Per ora Hammon sta ancora aspettando di capire quale sarà il prossimo capitolo. A settembre del 2020 è stata invitata dagli Indiana Pacers per un colloquio, ma alla fine il posto è stato affidato a Nate Bjorkgren, ex assistente dei Toronto Raptors. Ancora prima si può ricordare il colloquio del 2018 con i Milwaukee Bucks, anche se poi ESPN aveva riportato la notizia che Hammon non era considerata come una candidata di prima linea. Uno dei vantaggi del movimento mediatico dovuto alla partita con i Lakers sarà quello di infondere ulteriore credibilità in una allenatrice che ha nel curriculum sedici stagioni in WNBA e due Olimpiadi come giocatrice e altre sei in NBA come vice-allenatrice.

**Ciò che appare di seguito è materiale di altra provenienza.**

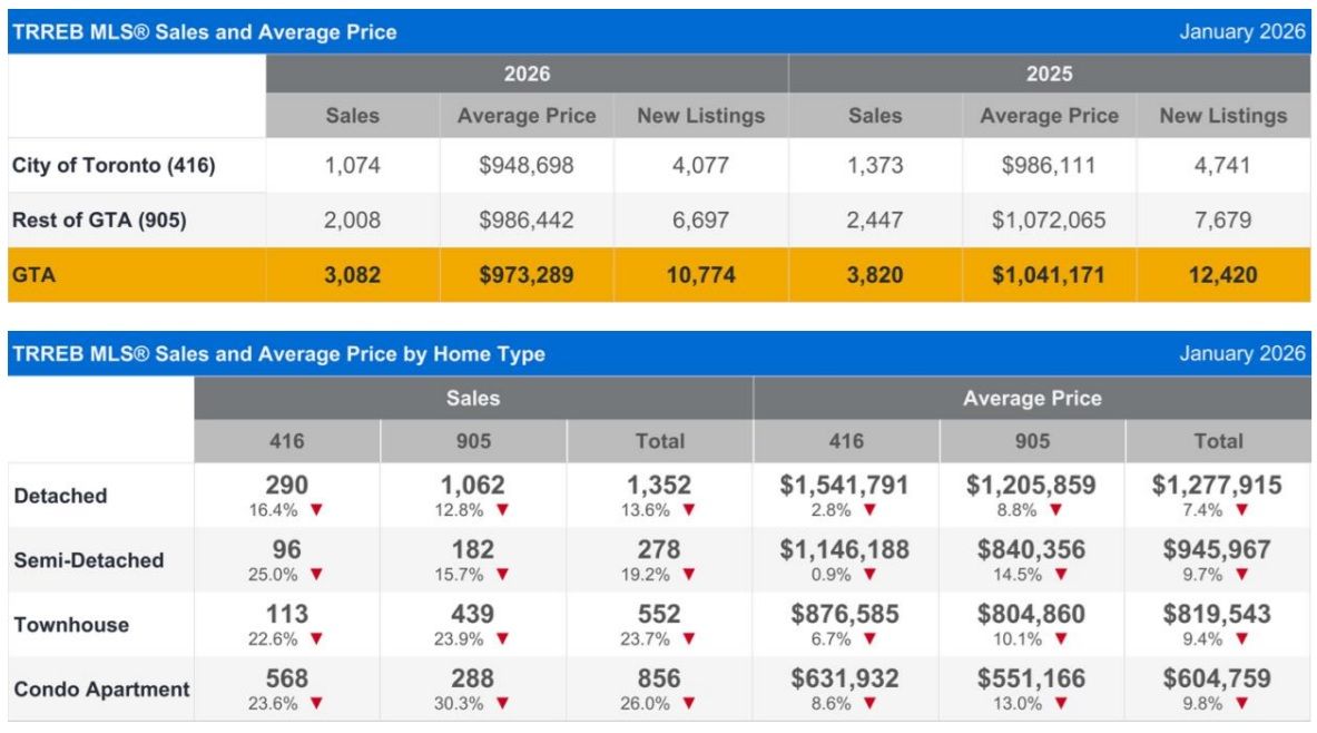 The MLS® Home Price Index (MLS® HPI) Composite benchmark was down by eight per cent year-over-year in January 2026. The average selling price, at $973,289, was down by 6.5 per cent compared to January 2025.

C’è qualcosa però che stona con l’entusiasmo delle ultime settimane, e non parlo di quella fetta di appassionati che ha provato a sminuire l’evento, il tabù abbattuto. Siamo nella fase iniziale di riconoscimento di ciò che le donne possono e sanno fare nello sport, e ogni grande cambiamento necessita di un tempo di sorpresa seguito da uno di adeguamento. Non è la reazione del grande pubblico che fa venire i dubbi, piuttosto la constatazione che anche nel mondo dello sport professionistico la notizia di Hammon è stata accolta con sorpresa. Perché finché c’è sorpresa tra i professionisti significa che c’è ancora bisogno di parlare di un possibile gap fra le capacità di un uomo e quelle di donna nella gestione di una squadra maschile.

«Per me non è una grossa sorpresa. Per un sacco di altre persone ha un grande significato e posso capirlo. Ma lei è una persona molto qualificata e che può eseguire molto facilmente i compiti di capo allenatore in NBA. Non serve nemmeno dirlo», ha commentato Popovich nei giorni seguenti. E poi ha aggiunto: «Le donne fanno il loro lavoro altrettanto bene o anche meglio degli uomini. Questo è un fatto. Non c’è nessun motivo per cui qualcuno come Becky e altre donne non dovrebbero essere allenatrici in NBA. Su larga scala è per questo che per me non è un fatto così importante».

La cosa interessante non è tanto il fatto che Popovich desse per scontato che Becky Hammon sarebbe stata in grado di gestire la sua squadra, quanto piuttosto quello che desse per scontato che lo sapessero pure tutti gli altri. E invece la strada è ancora lunga, quella che può ancora compiere Hammon e quella che separa le donne con le sue stesse capacità, i suoi stessi desideri, dal raggiungere questi stessi obiettivi.